Table 5. The association of anal HPV infection with HIV-1 seropositivity by oncogenic type and multiplicity of HPV types.
| Anal infection of 37 HPV types | Prevalence of HIV-1 seropositivity n/N (%) | OR (95% CI) | Adjusted OR* (95% CI) |
|---|---|---|---|
| By oncogenic type | |||
| Negative for any type | 18/285(6.32) | Ref. | Ref. |
| Only Positive for low-risk type | 13/118(11.02) | 2.18 (1.30–3.66) | 2.43 (1.42–4.16) |
| Only Positive for high-risk type | 40/291(13.75) | 2.81 (1.39–5.65) | 2.91 (1.40–6.02) |
| Positive for both | 30/124(24.19) | 4.86 (2.64–8.96) | 5.69 (3.00–10.81) |
| By multiplicity of HPV types | |||
| 0 | 18/285(6.32) | Ref. | Ref. |
| 1 | 36/314(11.46) | 2.38 (1.01–5.59) | 2.64 (1.09–6.38) |
| 2 | 18/120(15.00) | 3.99 (1.84–8.63) | 4.18 (1.88–9.31) |
| 3 | 13/57(22.81) | 5.43 (2.75–10.75) | 5.59 (2.91–11.92) |
| ≥4 | 19/46(41.30) | 9.85 (4.66–20.84) | 11.46 (5.25–25.00) |
| p for trend | <0.01 | <0.01 | |
Abbreviation: CI, confidence intervals; OR, odds ratio.
*Adjusted for age, ethnicity, education, age at the first homosexual act, frequency of homosexual behaviors in the past 6 months and ever found sexual partners in gay venues.
Discussion
The present study demonstrated a high prevalence of anal HPV infection among MSM from three cities of China. The prevalence of anal HPV infection was much common among HIV-infected MSM (82.69%) than HIV negatives (62.81%). HPV18 and 16 were most frequently identified high-risk types and HPV06 and 11 were most frequently identified low-risk types, respectively. The prevalence of HPV genotypes was found might to be varied between the study sites. Additionally, the prevalence of anal HPV infection was found to be related to the status of HIV infection, which is consistent with our findings and the evidence from other regions7,8,15,16,17. The definition of High-risk HPV types was mainly according to the manufacturer’s instructions. Meanwhile, we defined the debatable High-risk HPV types by the previous studies18,19.

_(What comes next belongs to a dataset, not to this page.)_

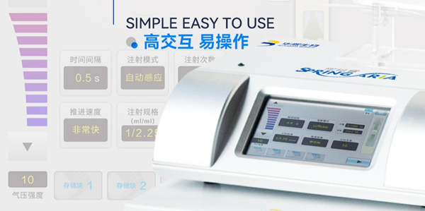 超大屏的全中文界面,注射模式、针剂剂量、负压程度、推进速度等多项参数全界面展示,一目了然。多种模式均可一键式操作,参数设置更简单,大大缩短设置时间,对新手操作十分友好。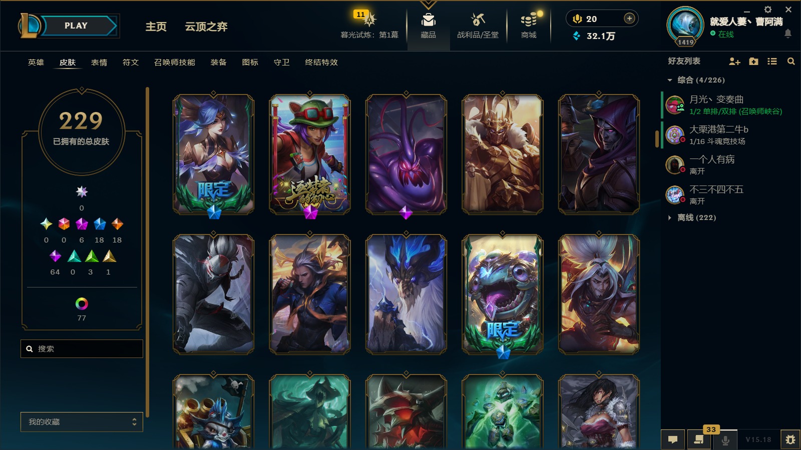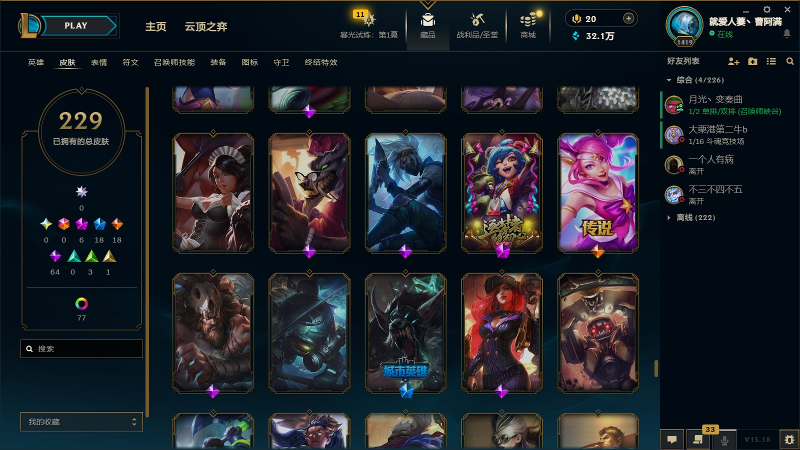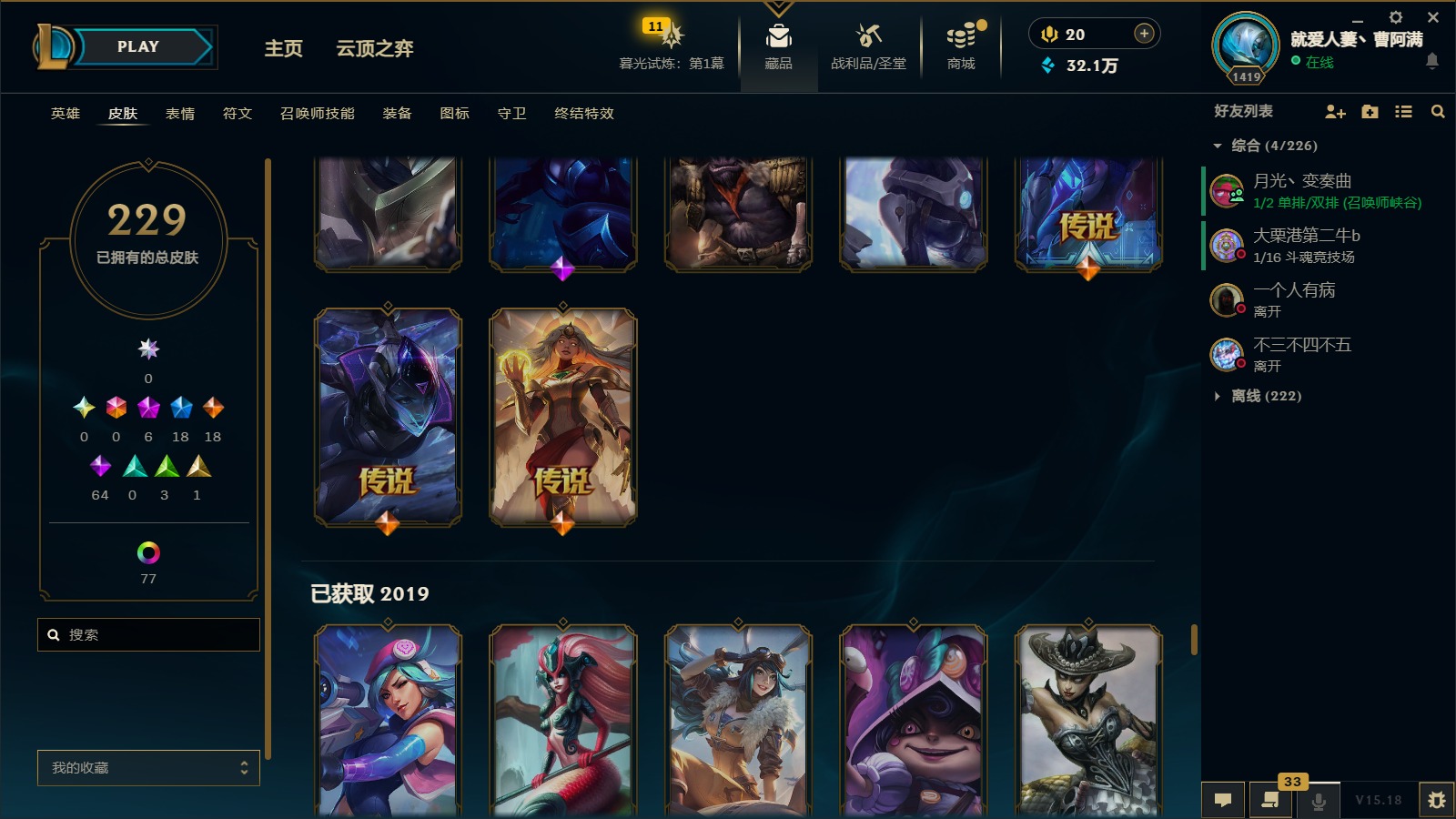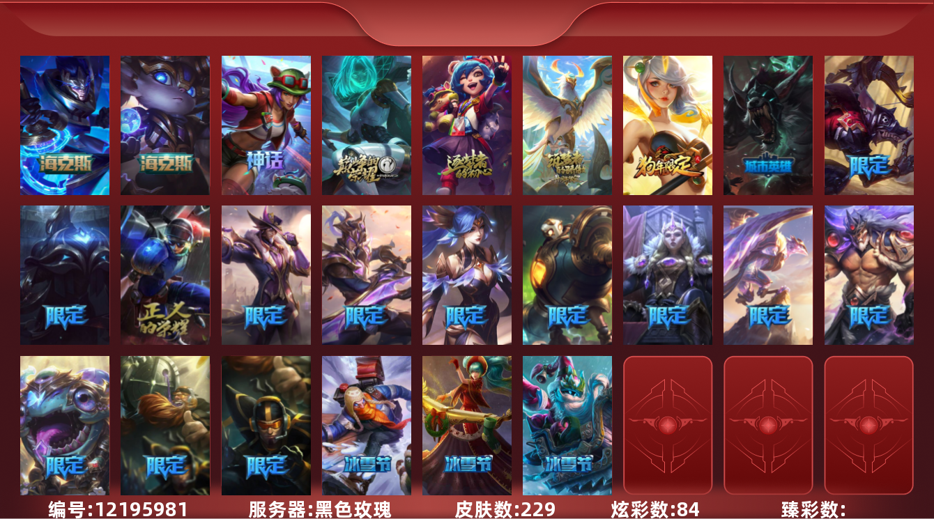 [12195981]6神话 18限定 18传说 64史诗 229皮肤 84炫彩 171英雄 可二次 可修改实名 优质装备:源代码 乐芙兰,防爆天使 凯尔,暗影 沃里克,都铎王朝 图奇,冠军之隐 劫,冠军之血 希瓦娜 凯旋圣装,净雪之月 莫甘娜 冬虹,十五周年纪念 希维尔,魔女 阿卡丽 虚荣 海克斯:海克斯 嘉文四世,海克斯 波比 赛季限定皮:胜利凤凰 艾尼维亚,胜利之运 崔斯特,胜利剑圣 易,胜利女神 娑娜,胜利巨口 克格莫,胜利之王 泰达米尔,胜利机器人 布里茨,胜利女神 瑟庄妮 冠军限定系列:S1FNC 酒桶,S1FNC 嘉文四世 冰雪节限定:冰雪节 炼金,平安夜女神 娑娜,邪恶圣诞老人 维迦 年限:狗年 光辉 周年:10周年 安妮,10周年 凤凰

Although the prevalence of anal HPV infection among HIV-positive MSM from mainland China was 82.69%, it was slightly lower than those previous studies reported from HIV-positive MSM in the Canada (97.90%)20, and was significant higher than a Dutch gay-cohort study reported 65.00%21. Moreover, our result of the anal HPV infection prevalence among HIV-positive MSM was similar as a study from Thailand (85%)17. This discrepancy might be partly due to mode of life, variation in viral clearance and infection incubation time. For HIV-negative MSM, previous studies from the United States and Latin America showed the overall anal HPV prevalence was ranging from 42% to 66%2,3,22,23, which were comparable with our 62.81% anal HPV prevalence.

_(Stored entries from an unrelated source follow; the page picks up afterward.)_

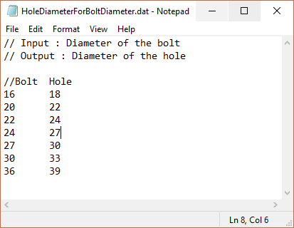The contents of the file HoleDiameterForBoltDiameter.dat looks like this: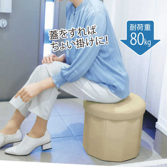 ちょこんとたたずむスツール。中に履物などを立てて、こっそり収納できます。玄関の隠し収納のほか、リビングの小物にも。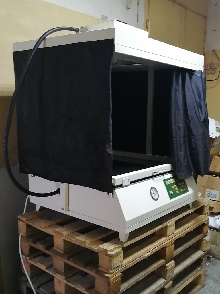 Настольное исполнение рамы позволяет компактно её размещать на производстве. Все копировальные рамы прошли тестирование на рвномерность вакуума и светового излучения, упакованы в ящики.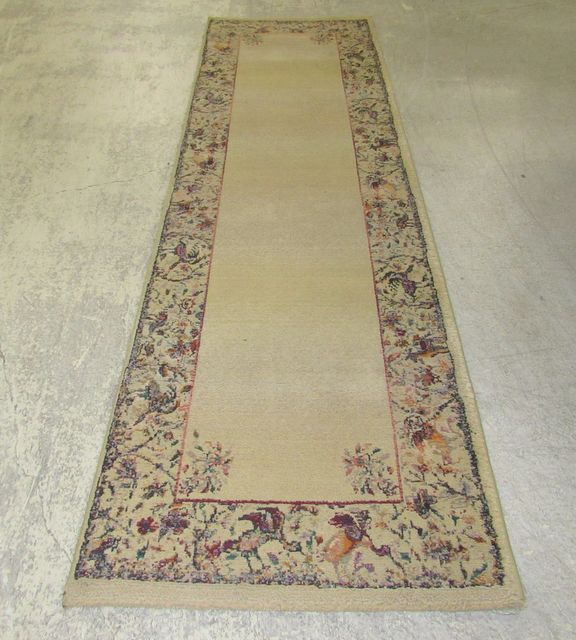 Fantasy collection ivory 2'3 x 7'9 runner, needs cleaning. Fantasy collection ivory 2'3 x 7'9 runner, needs cleaning.
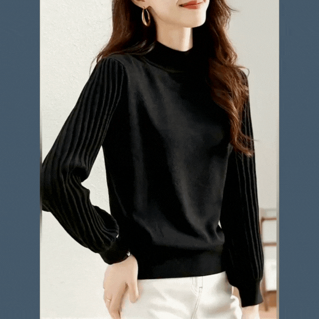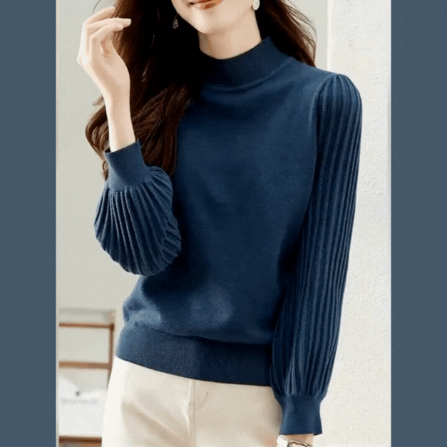 El Suéter Emma combina un corte clásico con detalles modernos: cuello alto elegante, mangas acanaladas con volumen y caída perfecta, todo en un tejido suave que abraza tu figura sin apretar.

HPV06 (15.45%), HPV18 (13.50%), HPV16 (11.44%) and HPV11 (10.71%) were found to be the most frequently identified types among study population. But a different type distribution was observed by HIV status, the prevalence of several HPV types was significantly higher among HIV positives than among negatives. It is considered that immunosuppression from HIV infection not only increases risk of acquisition of new HPV infections, but also HPV infection persistence and reactivation of latent infections. The HPV types of 18 and 16 were the most common high-risk HPV types identified in both HIV-positive and HIV-negative MSM in our study. These data were consistent with our previous studies7. However, as compared to the study from Thailand17, the HPV types of 16 was the most common high-risk HPV types in both HIV-positive and HIV-negative MSM and the HPV18 was less common than HPV06. Our results suggest that the most frequently distributed HPV types among Chinese MSM could be covered by the current commercial HPV vaccines, which provides flexibility for HPV vaccination among this high risk population to prevent HPV infection and related diseases. Different from prior study24, in our analysis, former smokers or current smoking was not associated with a statistically significantly elevated risk of any HPV infection. Possibly due to the immunomodulatory properties only could be observed among individuals who are actively and seriously exposed to cigarette smoke.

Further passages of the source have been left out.